Kubernetes has a capable role-based access control system using Role, RoleBinding and ServiceAccount resources, but you will need a cohesive method for implementing these resources. If the developers of your tenant applications are left to their own devices in this area, you risk giving them a bad experience with the tedium of constructing these resources and you run the liability of the platform tenants creating overly permissive roles as a workaround to that tedium. Getting the Role-Based Access Control (RBAC) systems right is tricky. One project that can help provide useful abstractions is RBAC Manager.
One other important consideration is runtime security. Each of the security concerns above will help prevent your systems from being compromised. However, if those preventative measures fail, you will want to be alerted. Runtime security monitors your platform for violations of security rules and alerts your platform operators if violations occur. There are numerous vendors that offer services in this area. Falco is a popular open source project that may fulfill this function for your organization.

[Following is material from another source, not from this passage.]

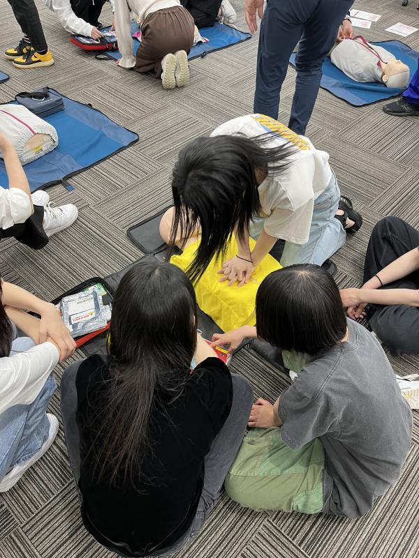 5月27日(土)に石川県赤十字血液センターで、第72回「金沢百万石まつり」救護ボランティア事前研修会に参加しました。コミュニケーションワークショップのあと、救護活動についての講義を受け、BLS(一次救命処置)の実技をしました。救急の知識や技術の習得ができ、有意義な時間でした。

Namespaces are the primary Kubernetes mechanism for managing tenancy. However, just creating namespaces is insufficient. Namespaced roles and role bindings for various users and service accounts are also needed. Resource quotas and limit ranges will also usually be a requirement. You’ll likely want network policies for network controls. Additionally, you will likely need image pull secrets to access container images for the workloads that will run there. The bottom line is that systems for installing all the various resources for a namespace will need to be implemented. This can be done through supply chain systems whereby a CI/CD pipeline installs all the resources that have been created in version control, or can be managed with a custom Kubernetes operator whereby a custom resource contains the important configuration information and the operator understands what resources to create based on the specification in the custom resource.
Suffice to say, smooth operation of your tenancy systems is critical to gaining a happy adoption of your app platform among your organization’s development teams.
The topics covered in this article cover the common essential platform components you will need. However, there is one essential component not addressed: the tenant applications. Don’t build these platforms in isolation. Identify the tenant workload/s that will use the first release of your platform and ensure the platform meets their requirements. Make pre-release versions of it available for testing and maintain a healthy feedback loop with the teams that develop and manage these workloads. They are the entire reason for the platform, after all.